Chapter 25 - Silence in the Stacks
Tomoko staggered. She was barely used to the Song in her head and the sudden removal of Adie and Gaige from it obviously had left her reeling.
"They're gone," she mumbled somewhat thickly. "Adie and Gaige. There's a hole in my head….?" She looked at Dar, her eyes searching his face.
The Doctor felt the same sense of horrified disbelief and he could see that the others were all staggered by the loss as well.
"Their song in my hearts is stilled. Their laughter in my mind is lost," Dar replied in a quiet voice, chanting in Gallifreyan, his face expressionless, but his eyes haunted. He clutched Tomoko to him rather fiercely and the Doctor couldn't blame him in the least.
He stood in the blazing sun and wondered what to do next. He wasn't sure that they could make it back to the TARDIS right now, with the Vashta Narada between them and it. He had no terrifying reputation in this universe to fall back on, nor was he even certain that little Charlotte had been able to save the people here, as she had before.
It occurred to him that he had come here without a clear plan.
He'd gotten Moira, Adie and Gaige killed and, quite possibly, it was all for nothing.
Poc'utal might find the Time Lords a little dismaying at times, but he certainly was glad of their help when things went badly. Right now, he was missing that help. She'd left soon after their conversation, explaining that she'd be too tempted to 'meddle' if she stayed.
However, just at the moment, the Architect was deeply desirous of a little judicious meddling.

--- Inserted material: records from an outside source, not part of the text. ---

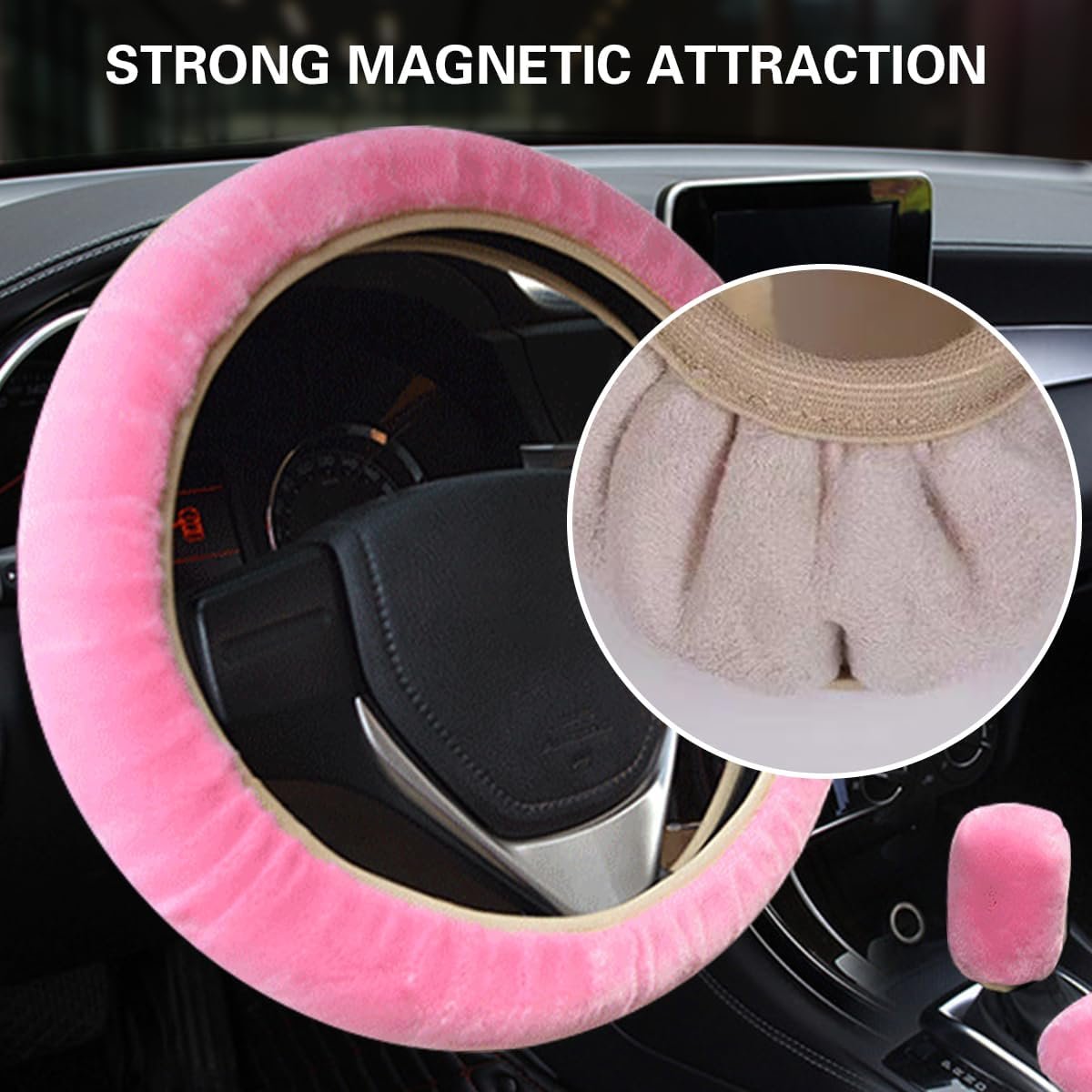 - Package includes: the package includes a steering wheel cover, a gear lever cover and a handbrake cover. The accessories are complete and can meet your daily use. Three colours are available: white, camel, pink, which fit most car interiors and improve the overall temperament and value of your car. Soft and comfortable hand feeling, makes driving more comfortable.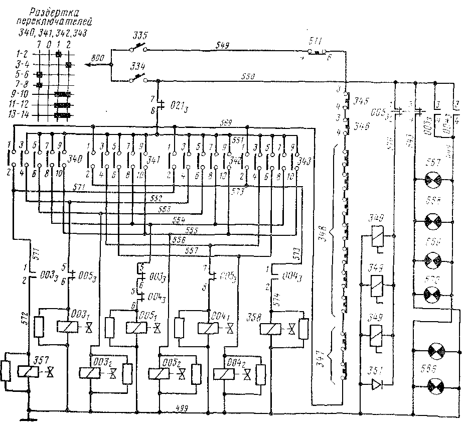 Переключатели 340—343 осуществляют также включение и выключение разъединителей 003, 004 и заземлителя 005. Для управления токоприемниками предназначены их контакты 1-2. Па-пряжение к ним подается от общего провода 800 через автоматический защитный выключатель 335, контакты 4-6 переключателя 511 блока отыскания неисправностей системы «ПУМ-Шко-да», контакты 3-4 аварийных выключателей «Стоп» 345 и 346, девять последовательно включенных блокировок безопасности 347, 348.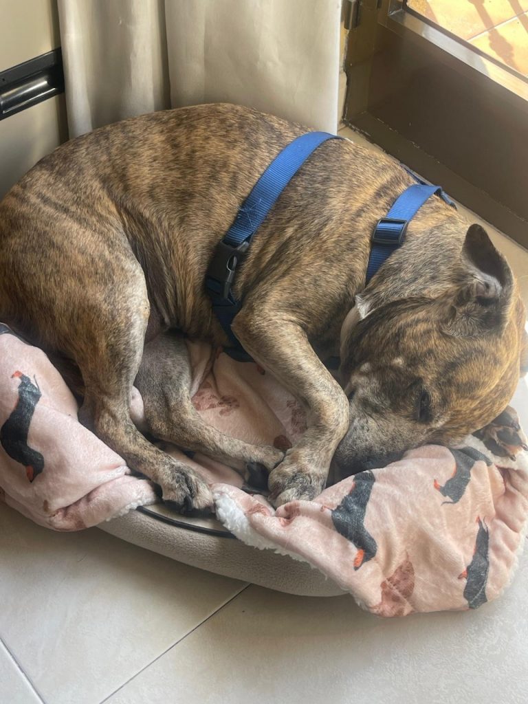 Eli es una abuelita muy cariñosa y mimosa; es una perrita fuerte, divertida, valiente, segura y sobre todo le gusta disfrutar de la compañía de las personas. Es muy obediente y noble. Lo único que quiere es formar parte de una familia de verdad. Pasea muy bien con correa, le gusta acompañarte a todas partes y viaja en el coche sin problema ninguno. Sabemos que su adopción va a ser complicada debido a los prejuicios de su raza y su aspecto, pero de verdad que es una abuelita adorable, con energía y ganas de seguir viviendo aventuras.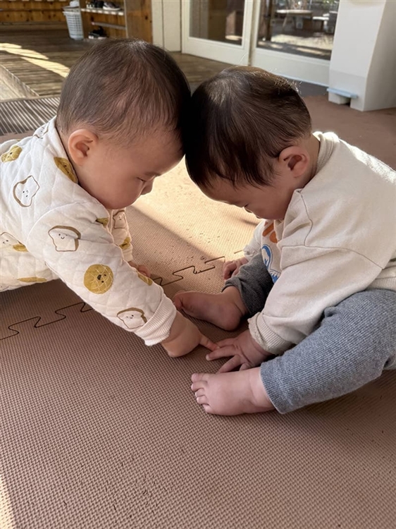 0歳児のRちゃんとKくんは、テラスにある小さな穴を見つけました。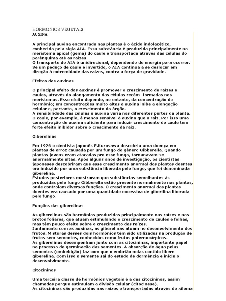 AUXINA A principal auxina encontrada nas plantas o cido indolactico, conhecido pela sigla AIA. Essa substncia produzida principalmente no meristema apical (gema) do caule e transportada atravs das clulas do parnquima at as razes. O transporte do AIA unidirecional, dependendo de energia para ocorrer. Se um pedao de caule invertido, o AIA continua a se deslocar em direo extremidade das razes, contra a fora de gravidade. Efeitos das auxinas O principal efeito das auxinas promover o crescimento de razes e caules, atravs do alongamento das clulas recm- formadas nos meristemas. Esse efeito depende, no entanto, da concentrao do hormnio; em concentraes muito altas a auxina inibe a elongao celular e, portanto, o crescimento do rgo. A sensibilidade das clulas auxina varia nas diferentes partes da planta. O caule, por exemplo, menos sensvel auxina que a raiz. Por isso uma concentrao de auxina suficiente para induzir crescimento do caule tem forte efeito inibidor sobre o crescimento da raiz. Giberelinas Em 1926 o cientista japons E.Kurosawa descobriu uma doena em plantas de arroz causada por um fungo do gnero Gibberella. Quando plantas jovens eram atacadas pro esse fungo, tornanavam-se anormalmente altas. Aps alguns anos de investigao, os cientistas japoneses descobriram que esse crescimento anormal das plantas doentes era induzido por uma substncia liberada pelo fungo, que foi denominada giberelina. Estudos posteriores mostraram que substncias semelhantes s produzidas pelo fungo Gibberella esto presente normalmente nas plantas, onde controlam diversas funes. O crescimento anormal das plantas doentes era causado por uma quantidade excessiva de giberilina liberada pelo fungo. Funes das giberelinas As giberelinas so hormnios produzidos principalmente nas razes e nos brotos foliares, que atuam estimulando o crescimento de caules e folhas, mas tm pouco efeito sobre o crescimento das razes. Juntamente com as auxinas, as giberelinas atuam no desenvolvimento dos frutos. Misturas desses dois hormnios tm sido utilizadas na produo de frutos sem sementes, conhecidos como frutos paternocrpicos. As giberelinas desempenham junto com as citocininas, importante papel no processo de germinao das sementes. A absoro de gua pelas sementes (embebio) faz com que o embrio nelas contido libere giberelina. Com isso a semente sai do estado de dormncia e inicia o desenvolvimento. Citocininas Uma terceira classe de hormnios vegetais a das citocininas, assim chamadas porque estimulam a diviso celular (citocinese). As citocininas so produzidas nas razes e transportadas atravs do xilema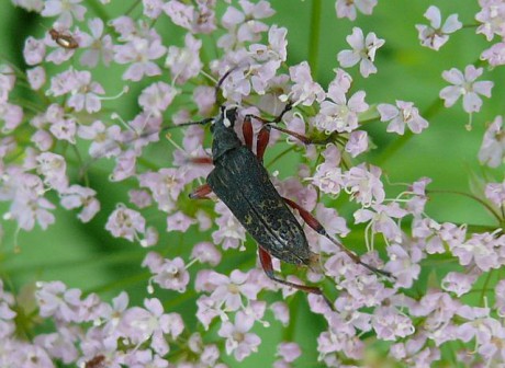 Tesařík Evodinus clathratus nemá české druhové jméno. Vyskytuje se u nás v pohraničních horách. Dorůstá do velikosti 1cm. Barevně je velmi variabilní, odlišuje se forma černé krovky+světlá kresba (viz. foto) a světlé krovky+černá kresba.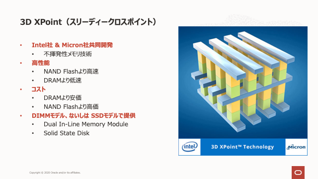 3D XPointはNANDフラッシュより高速ですが、DRAMより低速です。3D XPointは、フラッシュよりも(容量で)高価ですが、DRAMよりも安価です。コストと速度のこれら2つの要因により、3D XPointはフラッシュとDRAMの間に配置されます。3D XPoint以外の他の不揮発性(NV)メモリー・テクノロジをサポートする、永続メモリーのAPIおよびプログラミング標準のセットもあります。永続メモリーのドキュメントはhttp://pmem.ioで公開されています。
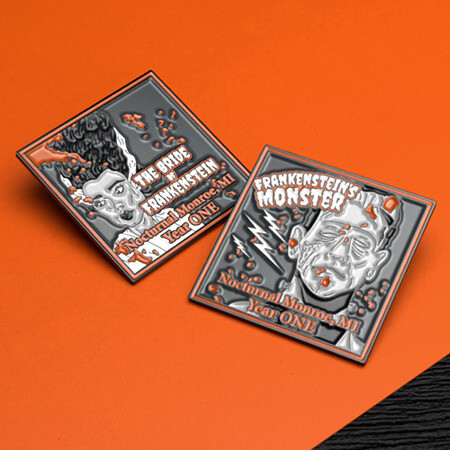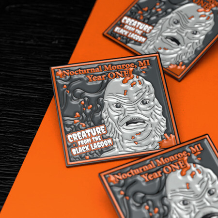 For their first anniversary, Nocturnal Monroe went big with a full pin series inspired by classic horror icons. Each design featured bold linework, a dark and moody palette, and a polished black nickel finish that made the details shine. The collection brought to life the Bride of Frankenstein, Dracula, Frankenstein’s Monster, the Mummy, and the Creature from the Black Lagoon. Stamped with “Nocturnal Monroe, MI – Year ONE,” the series quickly became a limited-edition keepsake. Fans loved the nod to horror history and the pins gave them a tangible way to connect with the shop’s identity.

"Sir, we still have no contact from the planet," Keek informed him, fluttering into the room with a hesitant air. She was losing feathers as the crisis went on and her stress levels rose. Poc'utal was resisting the urge to have a bot follow her around and clean up after her. He deplored the mess, but didn't want to insult her by pointing it out.
"What about the orbital stations?" he asked.
"They are still working and whatever has happened on the planet doesn't seem to be affecting them," she reported.
"What does Dr. Moon say about it?" he asked next and Keek shook her head, like she was trying to shake off something unpleasant.
"He's not making any sense! He keeps saying that the darkness is consuming the planet, that the light is being driven out, but there is no evidence of power outages visible from space!" she exclaimed.
"Maybe it's metaphorical?" he suggested and Keek looked disgusted by that.
"I'm a police officer, not a philosopher!" she snapped back and he frowned. She was instantly contrite. "Apologies, Architect, I am far out of my nest with this."
"We all are," he replied. "It's baffling and I am extremely worried about the Doctor."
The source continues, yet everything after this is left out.